Afternoon Edition · Mental Models · Essay No. 10 · 26 May 2026 · Tallinn
1. The model
In Ars Conjectandi, published posthumously in Basel in 1713 from a manuscript Jakob Bernoulli had worked on for at least twenty years, the Fourth Part contains what its author called the Theorema Aureum—the Golden Theorem—and what every modern textbook now calls the (weak) law of large numbers. Bernoulli proved that the relative frequency of a binary outcome, observed across an increasing number of independent trials, converges in probability to the true underlying probability of that outcome. In the language he himself used: if a bag contains a fixed but unknown proportion of white and black pebbles, then the more pebbles you draw with replacement, the closer the observed white-fraction will come to the true white-fraction, with arbitrarily high probability, as the number of draws becomes large.

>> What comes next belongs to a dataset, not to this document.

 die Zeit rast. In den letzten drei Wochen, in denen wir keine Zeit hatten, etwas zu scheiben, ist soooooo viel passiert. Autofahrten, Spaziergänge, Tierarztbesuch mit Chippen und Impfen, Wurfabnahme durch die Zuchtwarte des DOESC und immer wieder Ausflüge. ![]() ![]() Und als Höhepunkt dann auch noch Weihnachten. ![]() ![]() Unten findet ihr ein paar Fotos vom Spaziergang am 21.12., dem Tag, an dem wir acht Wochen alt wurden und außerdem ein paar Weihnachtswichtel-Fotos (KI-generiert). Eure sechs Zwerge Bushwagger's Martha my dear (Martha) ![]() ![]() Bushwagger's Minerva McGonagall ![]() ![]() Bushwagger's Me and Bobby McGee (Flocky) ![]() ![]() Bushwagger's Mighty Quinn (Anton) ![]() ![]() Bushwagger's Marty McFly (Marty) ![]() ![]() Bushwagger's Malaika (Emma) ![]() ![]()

The result was the first formal demonstration that observed frequencies tell you something reliable about the world that produced them. It was so important to Bernoulli that he refused to publish the rest of the work without it; his nephew Niklaus eventually edited the manuscript for the 1713 edition, eight years after Jakob’s death. Modern probability theory distinguishes a weak form (Khintchine, 1929—convergence in probability) and a strong form (Borel, 1909; Kolmogorov, 1930—almost-sure convergence). Both say the same thing in plain English: the sample mean of independent and identically distributed random variables with a finite expectation tends to that expectation as the sample size grows. The historian of statistics Stephen Stigler, in The History of Statistics (Harvard University Press, 1986, chapter 2), treats Bernoulli’s 1713 theorem as the foundation stone of the entire frequentist edifice.
For the long-term equity investor, the one-sentence form is this: the longer you sample a process, the closer your observed average will come to the process’s true expected value—but only if the process you are sampling is stationary, the draws are independent, and the expected value exists. All three of those conditions matter for what an investor can and cannot conclude from a track record. The model is more often misused than used. The investing literature is full of casual appeals to “the long run” that smuggle in unproven assumptions about stationarity. A central purpose of this essay is to separate the law itself from those misuses, and to show how Bernoulli’s theorem, applied with care, becomes one of the strongest pillars of a long-term equity discipline.
2. The mechanism
Why does the law work, and what makes it brittle? Consider a portfolio of n independent and identically distributed positions whose individual return X has finite expectation μ and finite variance σ2. The arithmetic mean of the n positions is X̄n = (X1 + X2 + … + Xn) / n. Two elementary facts about the distribution of X̄n drive everything that follows. The expectation E[X̄n] equals μ itself, irrespective of n: the expected value of the average is the true mean. The variance Var(X̄n) equals σ2 / n: the standard deviation of the average shrinks as 1/√n.
The shrinkage in 1/√n is the mathematical engine. Doubling the sample size reduces the standard error by a factor of √2, not 2. Quadrupling it halves the standard error. This is why convergence is real but slow: getting from a standard error of ten percent down to one percent requires a hundred-fold increase in sample size, not a ten-fold one. It is also why the most common quantitative claim in investing—”this strategy has worked over a five-year backtest”—is, in many cases, a single noisy observation rather than statistical evidence.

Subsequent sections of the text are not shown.